I also saw the github code from KindLab but are you aware if a demo notebook exists on how to use the pre-trained model? The documentation in https://github.com/kind-lab/transformer-deid only talks about how to train the model. The link for evaluation doesn't work.

I'm currently using another de-identification model but it'd be nice to compare. Thanks!
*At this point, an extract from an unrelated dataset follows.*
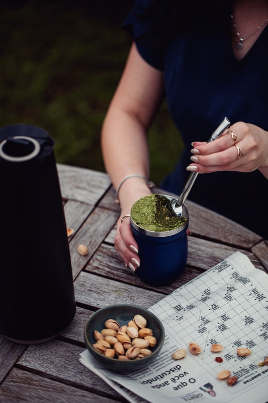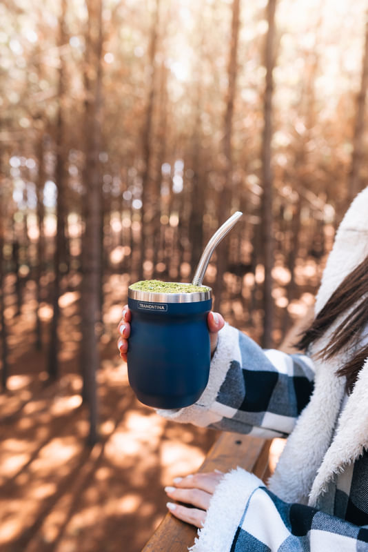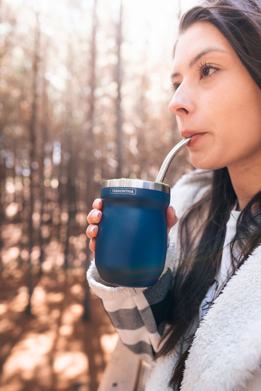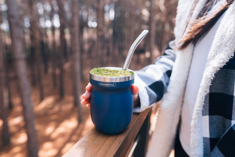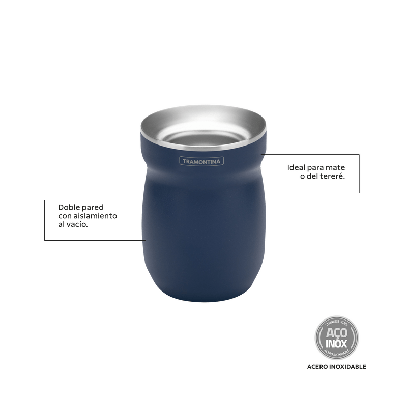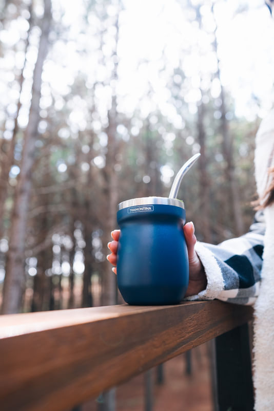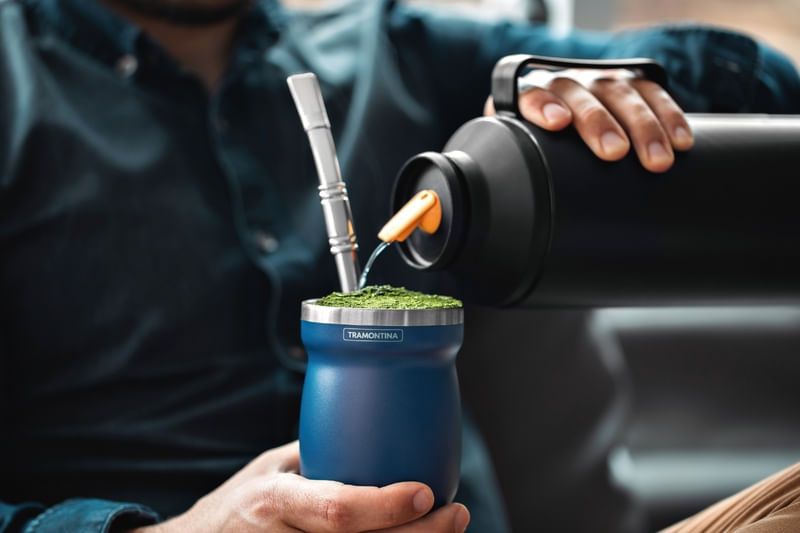 Para disfrutar su mate o tereré, que ya son parte de su rutina, cuente con la Recipiente para Mate Tramontina azul de 240 ml. Fue desarrollada con tecnología de alta calidad con doble pared de acero inoxidable y aislamiento al vacío, que mantiene las bebidas frías o calientes durante más tiempo y evita que la pared externa se caliente con bebidas calientes o transpire con bebidas heladas. La calabaza es libre de BPA, no mancha, no se rompe, no retiene olores y es muy fácil de limpiar. ¡Esto garantiza mayor practicidad y funcionalidad para su día a día!

landiisotta commented 9 months ago

@wayneisaacuy I was able to run the model in inference on one example using the function deid_example in the module predict. Nevertheless, the performance needs to be improved so it looks like it needs further fine-tuning anyway. Another option is the Perl-based de-identification software package by Neamatullah et al. 2008 (https://bmcmedinformdecismak.biomedcentral.com/articles/10.1186/1472-6947-8-32), that was used to de-identify the MIMIC dataset. It is a rule-based approach that works quite well as is, but needs rules to be added to adapt it to your corpus. It is publicly available through the Physionet repository: (1) https://www.physionet.org/content/deid/1.1/ ; (2) https://www.physionet.org/content/deidentifiedmedicaltext/1.0/

LorenaGarcia-Foncillas commented 2 months ago

Hi, I'm encountering a similar error: raise exceptions.DefaultCredentialsError(_CLOUD_SDK_MISSING_CREDENTIALS) google.auth.exceptions.DefaultCredentialsError: Your default credentials were not found. To set up Application Default Credentials, see https://cloud.google.com/docs/authentication/external/set-up-adc for more information.

Has anyone managed to download the model?